Elle enfonça la tête dans ses genoux. Elle trouvait cette aventure hors du Temps excitante, cependant, maintenant, elle ne désirait plus qu’une chose : que tout cesse. Que le corbeau disparaisse. Qu’elle reprenne sa vie là où elle l’avait laissée.

— Léandre est un imbécile.

Alice releva la tête et croisa pour la première fois le regard du fantôme. Un regard vert très doux. Il était accroupi devant elle (ou du moins, au vu des plis de ses contours flous, supposa-t-elle qu’il était accroupi) et l’observait.

— Pardon ?

Elle était presque sûre que c’était lui qui avait parlé : il n’y avait personne à part le fantôme et elle dans le couloir. Même si parler sans bouche relevait de l’exploit.

— Il a été odieux avec toi. Tu n’as pas à pleurer pour…

— Je ne pleurs pas ! le coupa-t-elle, soudain furibonde.

Depuis toute petite, elle avait horreur que les gens la voient pleurer.

Alice essuya rageusement ses larmes avec le revers d’une manche.

Stupide fantôme qui l’avait trouvée.

Stupide corbeau qui l’avait ramenée en cet après-midi d’automne où Léandre, le garçon dont elle était amoureuse, lui avait dit des horreurs. « Tu es laide, personne ne t’aimera jamais ».

— Vas-t-en… fit-elle à l’intention de la silhouette immatérielle.

— Alice, je…

— Du balai !

Deux courants d’air l’enlacèrent tendrement. Une odeur de gel pour les cheveux envahit ses narines. Une sensation délicate sur ses lèvres.

D’autres lèvres.

Celles du fantôme.

Un fantôme qui, de seconde en seconde, devenait plus consistant. D’abord, sa silhouette se confirma : des bras, des jambes, un visage. Puis elle se colora : des cheveux blonds foncés, une peau claire, un t-shirt blanc, un jean délavé, des baskets noires.
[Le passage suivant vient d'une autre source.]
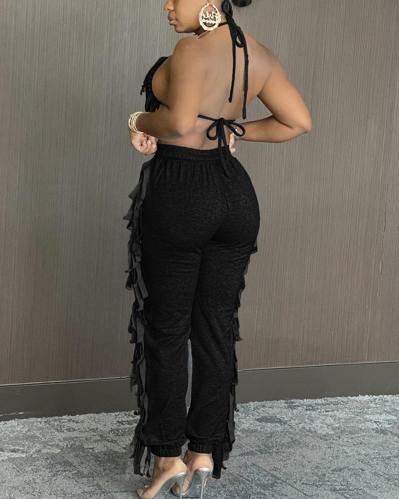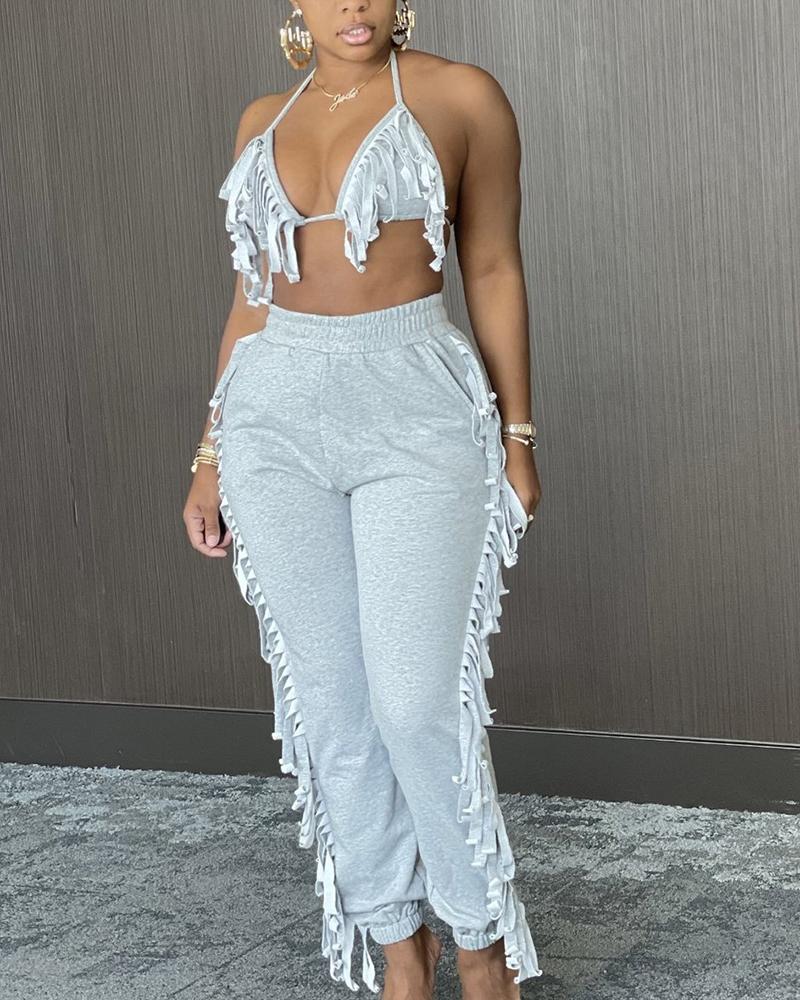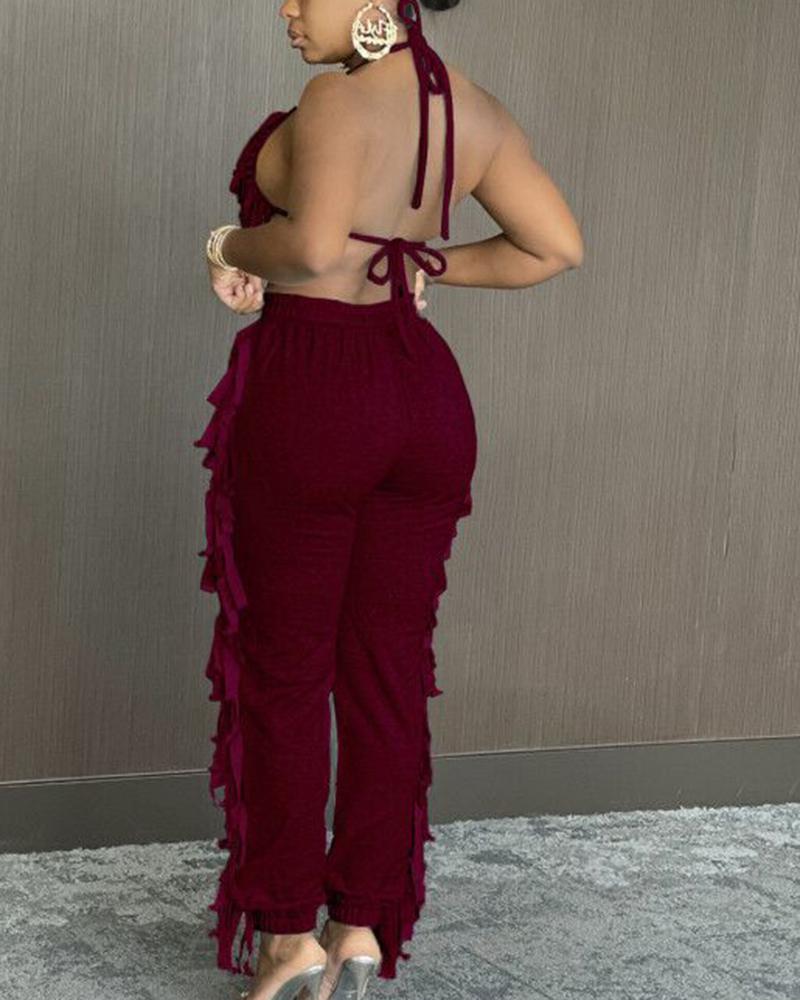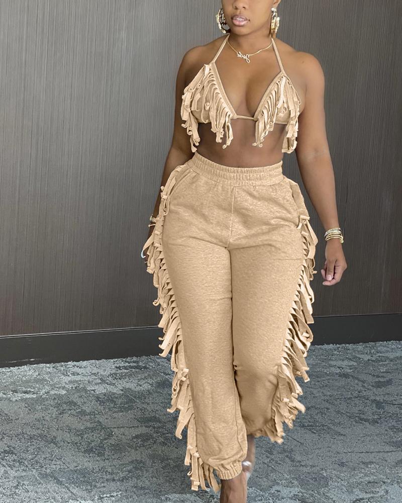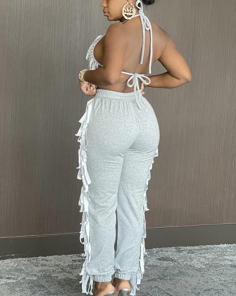Solid Fringe Self-Tie Halter Top & Pants Set
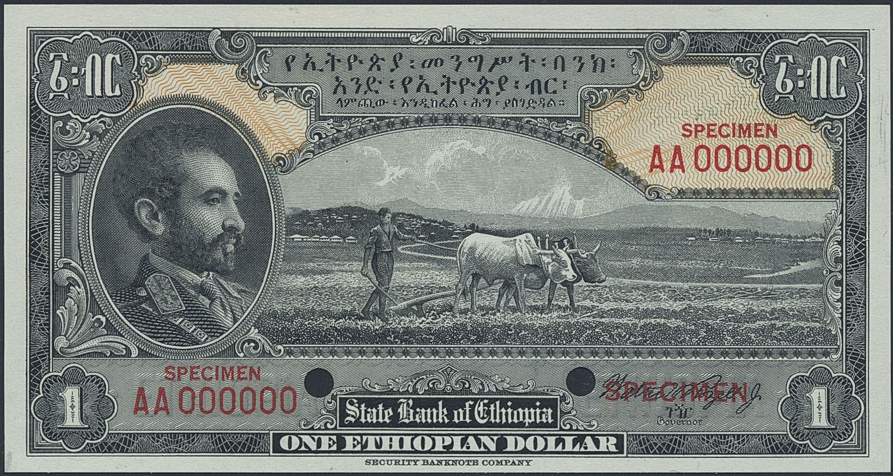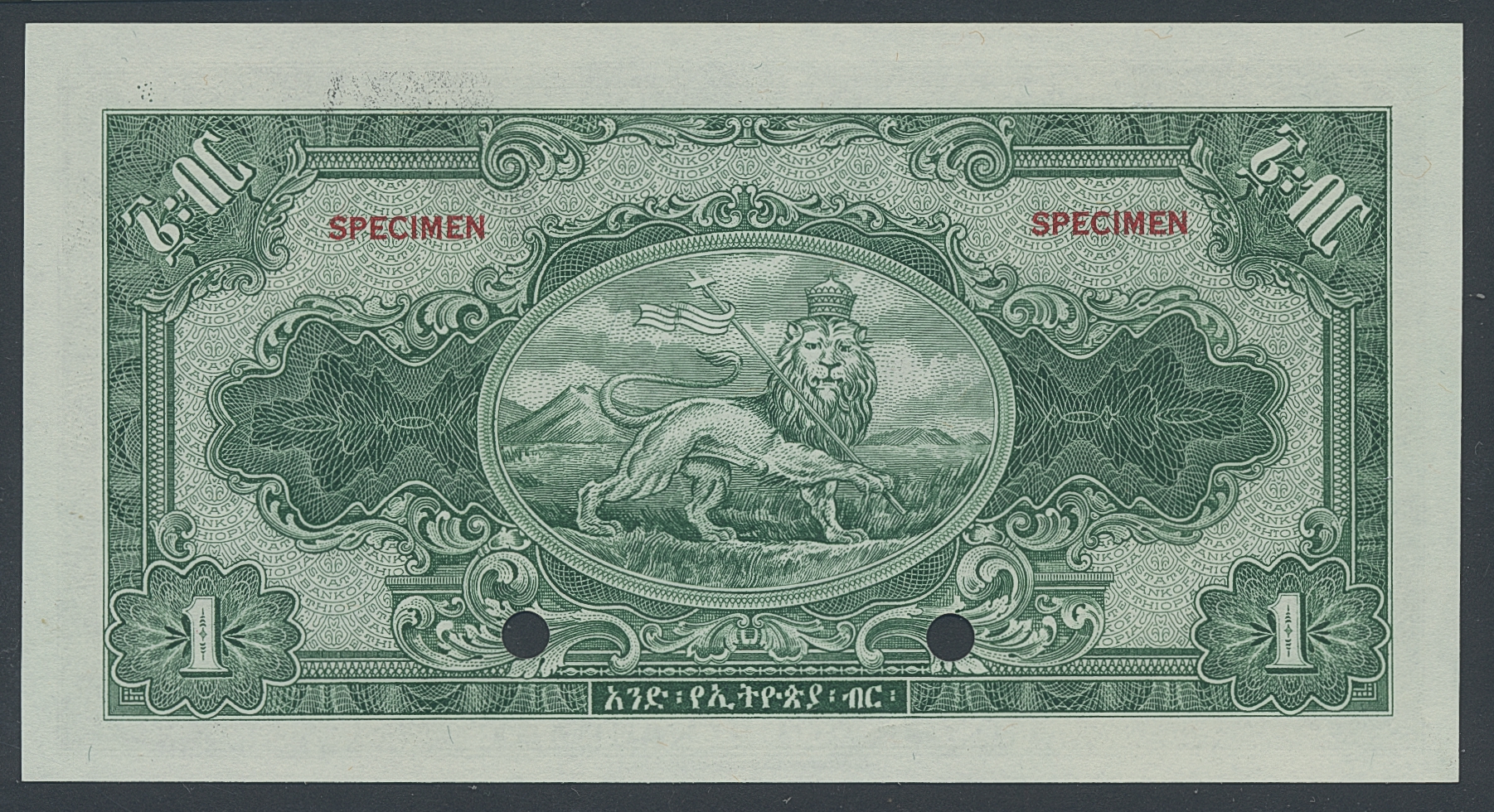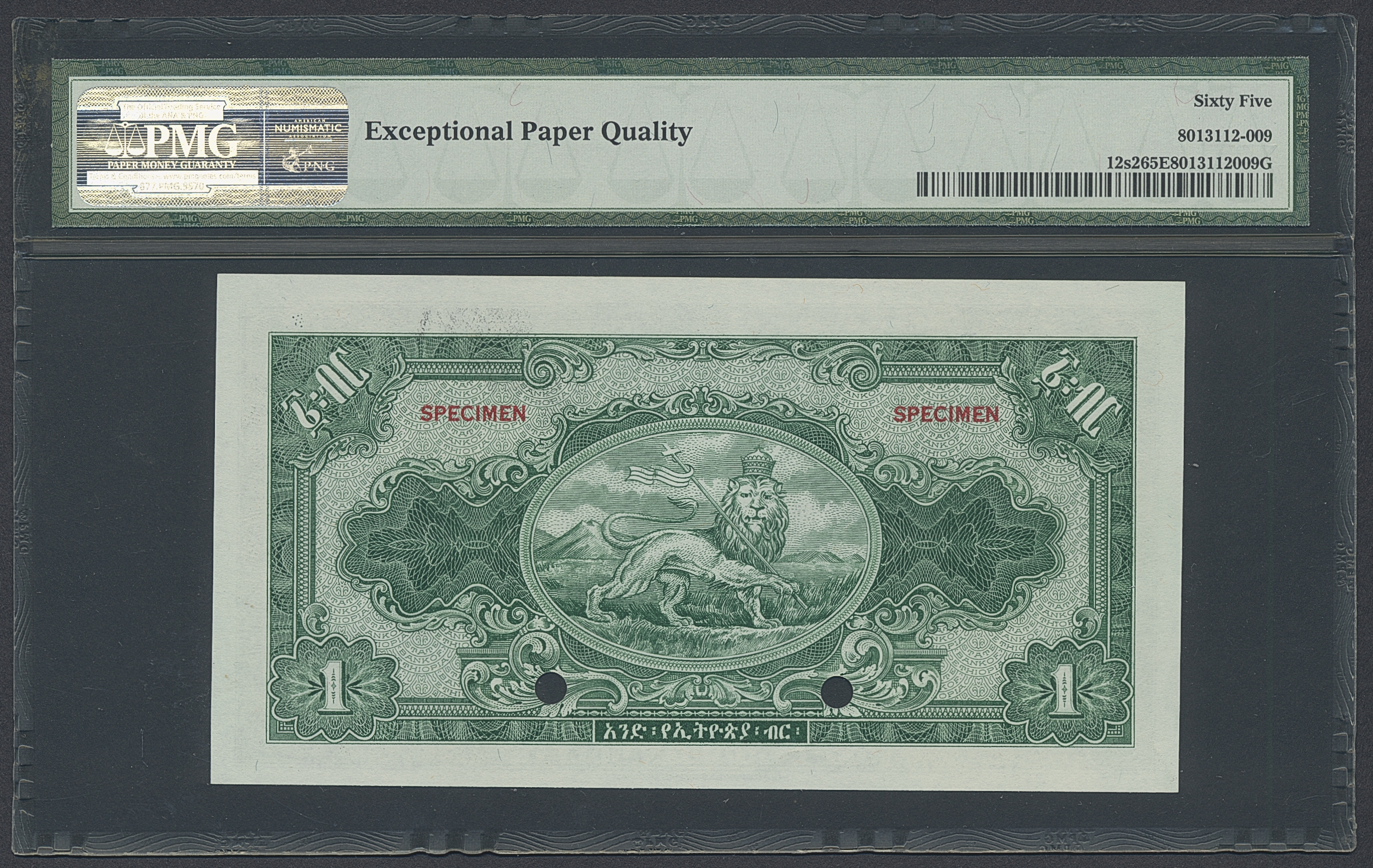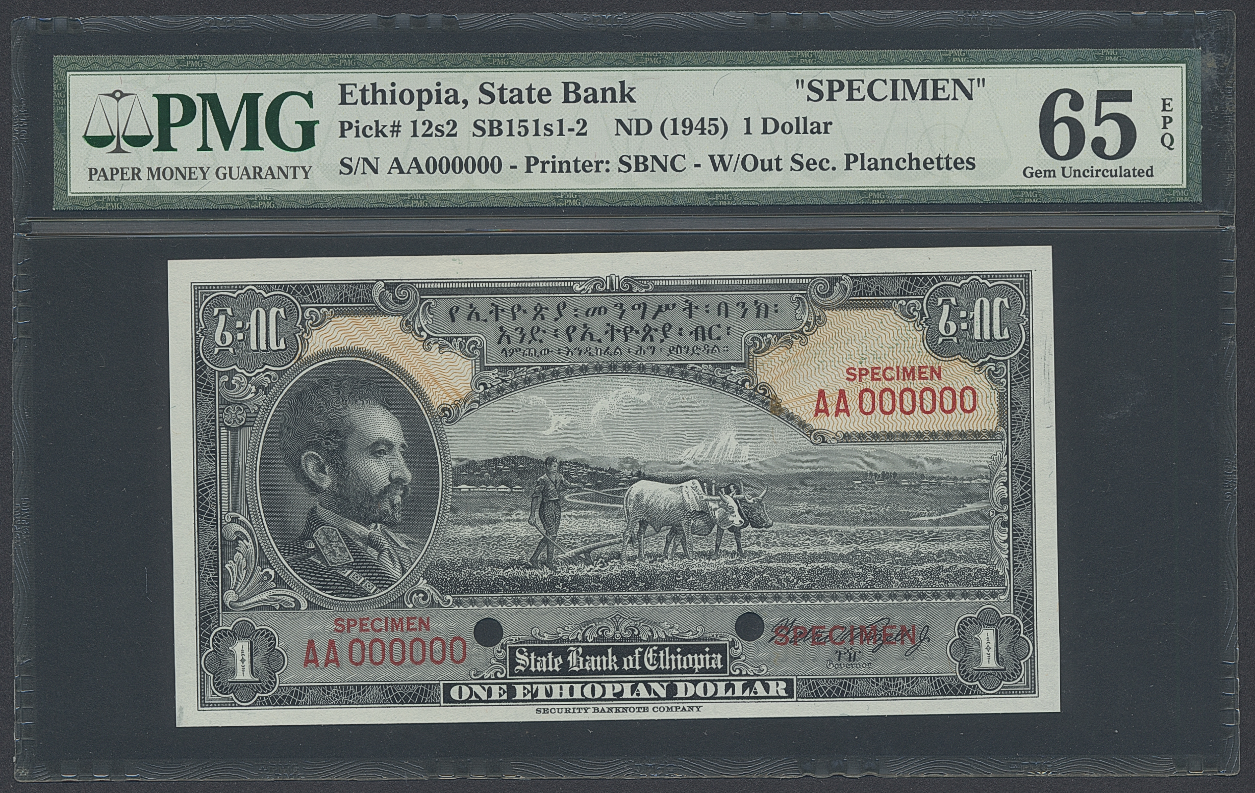 Banknotes, Ethiopia. Pick 12s2, 1 dollar ND (1945). Specimen note. Graded by PMG as uncirculated 65 EPQ. UNC.
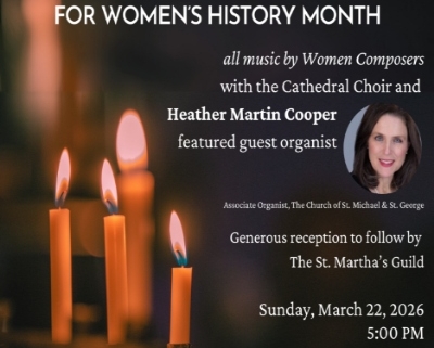 The program for Women’s History Month features all women composers with the Cathedral choir and Heather Martin Cooper, featured guest organist, the Associate Organist from The Church of St. Michael & St. George.
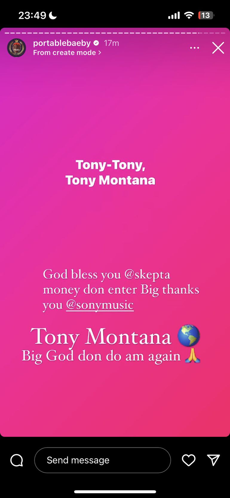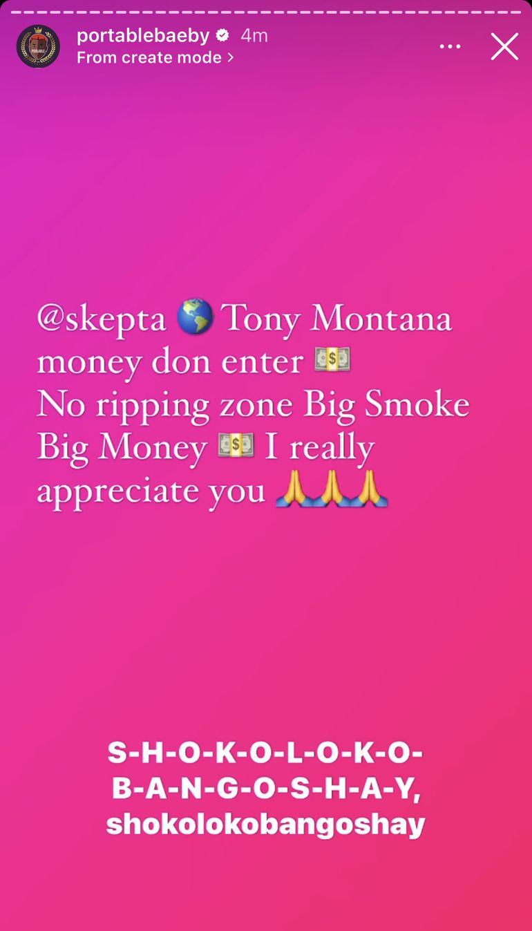 "God bless you @skepta. Money don enter. Big thanks @sonymusic," Portable said in the post.
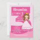 Cute girls 3rd birthday invitation featuring a pretty brunette princess on a large pink number with pink and white polka dot background.
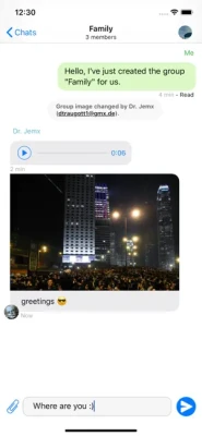 Use Delta Chat with anyone out of billions of people: just use their e-mail address. Recipients will see a simple e-mail and may directly reply with their own e-mail app. They don't need to install Delta Chat, visit websites or sign up anywhere. If you send a picture or other media to a chat group your chat recipients will see a nice regular e-mail with an attachment. If they send a message and attachments back, you will see the media in your chat for this contact.
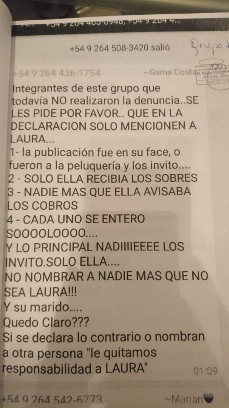 "Integrantes de este grupo que todavía no realizaron la denuncia, se les pide por favor que en la declaración sólo mencionen a Laura", reza uno de los mensajes y a continuación se detalla punto por punto los argumentos e información que se debe proporcionar en las denuncias.

Ce n’était plus de l’air compressé qui la serrait. C’était des bras plein de chaleur.

Ce n’était plus un fantôme qui l’embrassait. C’était un adolescent. Un adolescent de sa classe. Un adolescent s’appelant…

— Lucien ? souffla-t-elle contre les lèvres de l’apparition.

Le jeune homme mit fin à leur baiser, recula son visage du sien, juste ce qu’il fallait pour la regarder dans les yeux sans loucher. Ses pommettes étaient rouges et il avait un air embarrassé, mais ses prunelles brûlaient de détermination.

— Je t’aime, Alice.

— Lucien…

Elle était incapable de dire autre chose. Elle l’avait oublié ! Elle avait oublié Lucien, ce garçon timide avec lequel elle sortait depuis…

Son sang se glaça dans ses veines. Non, c’était impossible, quelque chose clochait. Elle se souvenait de Lucien, oui, mais…

Pourquoi ne fait-il pas partie de mon présent ? Comment ai-je pu l’oublier, alors que je me souviens que nous sortons ensemble depuis la première et que je suis certaine que c’est toujours le cas en terminale ? On peut peut-être oublier le passé… mais pas le présent !

« Flap-flap » firent des ailes de jais quelque part dans le couloir. Et tout devint blanc.